Of the 33 patients, 23 patients exhibited only focal seizures, six patients exhibited focal seizures with secondary generalization, one patient exhibited only generalized tonic-clonic seizures, and three patients exhibited both focal and generalized seizures. Of the 32 patients who experienced focal seizures, 24 patients had seizures with impaired awareness (complex partial seizures), one patient exhibited focal seizures without impaired awareness (simple partial seizures), and seven patients were unspecified. Four patients had focal seizures secondary to lesions.

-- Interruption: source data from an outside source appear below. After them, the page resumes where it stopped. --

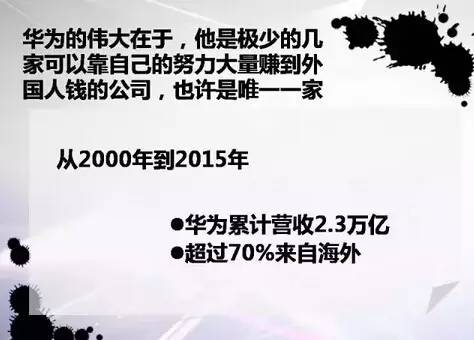 从2000年开始的最近十五年,华为累积营收2.3万亿,超过70%来自海外,在外国人身上赚的钱达1.38万亿!
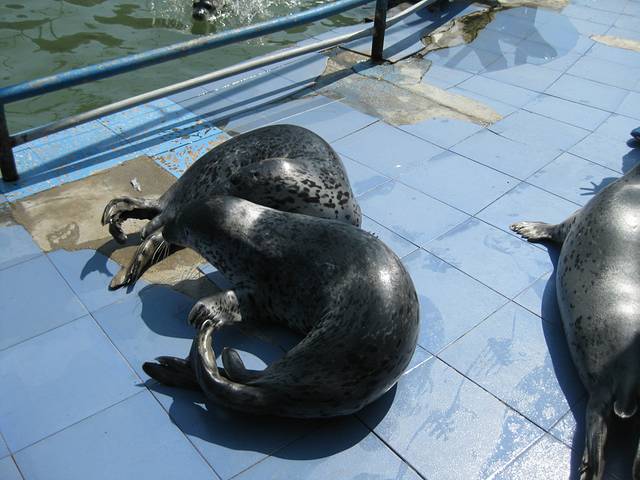 月牙湾旁边有个海豹池,可以买鱼喂海豹。海豹特别聪明,看到人拿着鱼就全围上来,不停的拍胸脯,意思是说:我饿了!
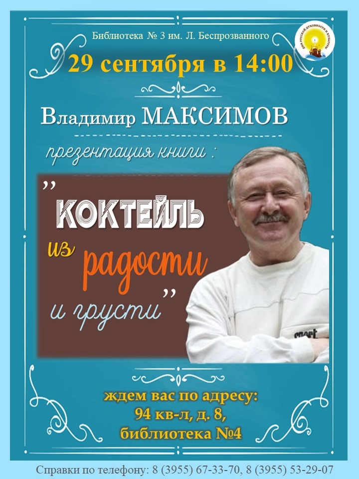 В последнее воскресенье сентября библиотека №3 им. Л. Беспрозванного приглашает всех желающих на творческую встречу и презентацию книги «Коктейль из радости и грусти» иркутского писателя Владимира Максимова.
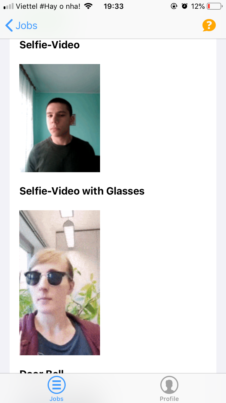 Nó sẽ yêu cầu bạn chụp ảnh chó mèo lợn gà ,ảnh bạn nhảy dây,video bạn đá cầu,chơi bóng đá hay đơn giản là chụp ảnh bạn đeo kính...Bạn hoàn thành các nhiệm vụ đó trong thời gian cho phép là có tiền
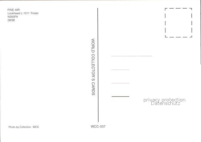 Flugzeuge zivil Fine Air Lockheed L-1011 Tristar N260FA postalisch nicht gelaufen Erhaltung siehe scans
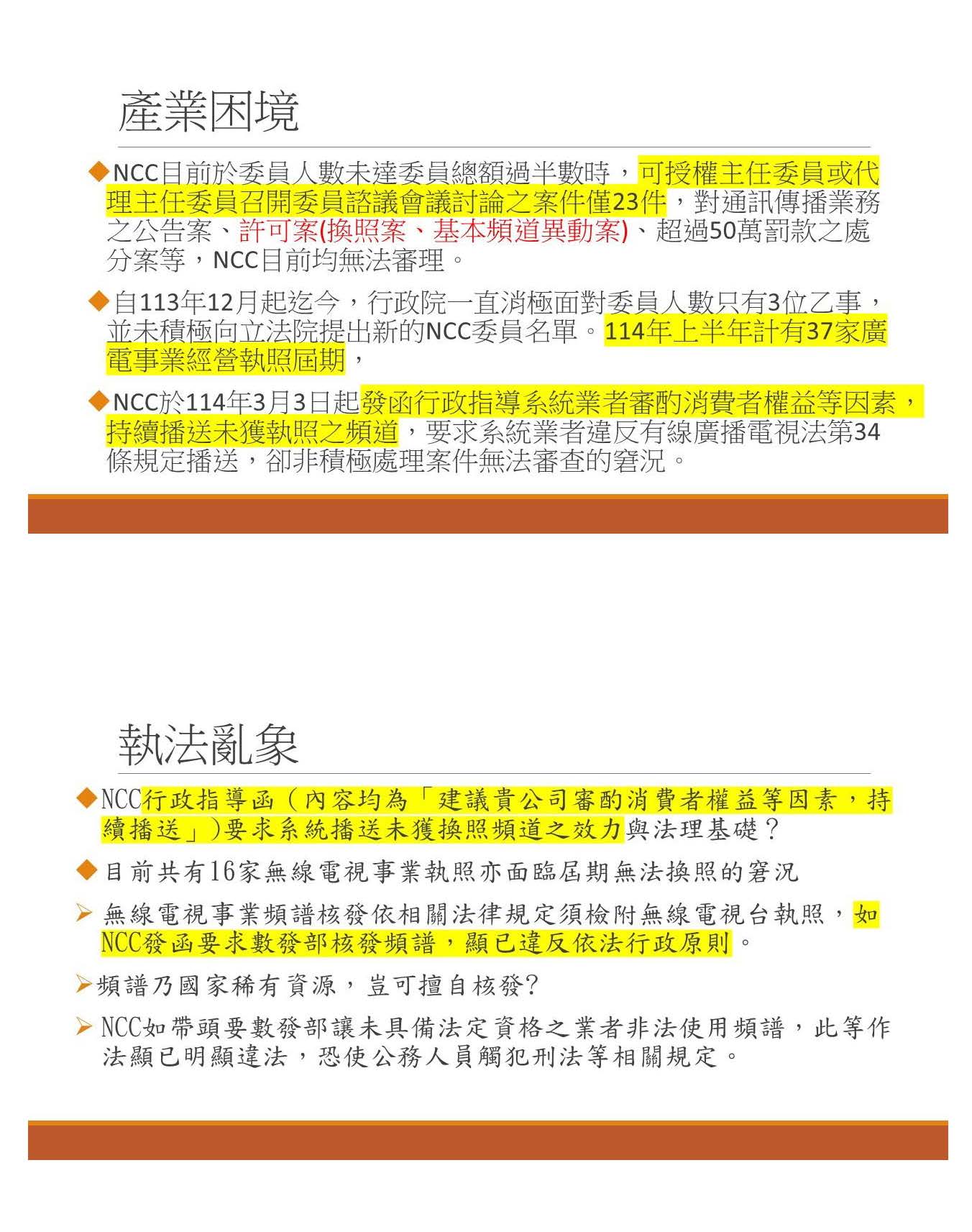 大家知不知道今年上半年一共有37家廣電事業執照到期?若執照到期,按照規定,你沒有拿執照就不能營運哦!頻道事業沒有拿執照,系統業者是不能播頻道的內容哦!結果我們NCC竟然發一個行政指導,要求系統業者,請他們審酌消費者權益,然後持續播送未獲執照的頻道,這種就是一個執法的亂象,也就是說,用行政指導突破法律的限制,它的效力跟法理基礎在哪裡?尤其是目前有16家無線廣電事業也是面臨沒有辦法換照,不要忘了這個無線電視、無線廣播、無線電視事業的執照本身是要有頻譜的,所以未來NCC沒有發給執照,然後是不是要求數發部發給一個頻譜?這個就完全沒辦法跟法律結合在一起,顯然已經違反了依法行政原則,因為頻譜畢竟是國家稀有資源,怎麼可以隨便用行政機關的行政解釋就擅自核發?這個也會讓數發部跟NCC的事務官本身產生一些違法的問題。
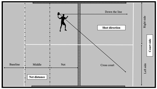 Figure 1. Hitting zones (net distance and court side) and shot direction. - Shot direction: Two possible trajectories were distinguished: down the line and cross court (Figure 1).
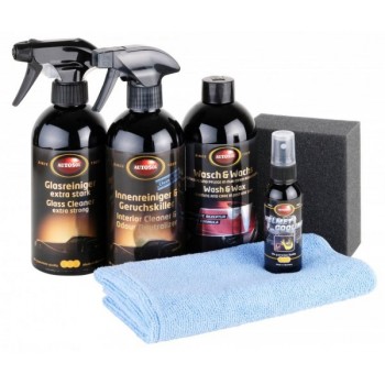 Sada pro základní péči o vůz. Obsahuje všechny potřebné přípravky k čištění jak interiéru vozu, tak exteriéru.||SADA OBSAHUJE:||autošampon s voskem Wash and Wax||čistič interiéru s pohlcovačem pachů Interior Cleaner Odour||extra silný čistič skel Glass Cleaner extra strong||mikroutěrku a nanášecí houbičku||koncentrovanou náplň do ostřihovačů s vůní broskve|

Information about seizure history, including age at seizure onset and seizure frequency, was available only for a portion of the patients (19–22 of the 33 patients included in this study). Of the patients with these data available, age at seizure onset was 5.08 ± 3.66 (mean ± SD) years, with variation ranging from within the 1st year of life to 13 years of age. Patients exhibited seizures for 7.6 ± 4.06 (mean ± SD) years prior to resection. The frequency of the seizures that patients presented with ranged from three seizures per year to 15–20 seizures per day.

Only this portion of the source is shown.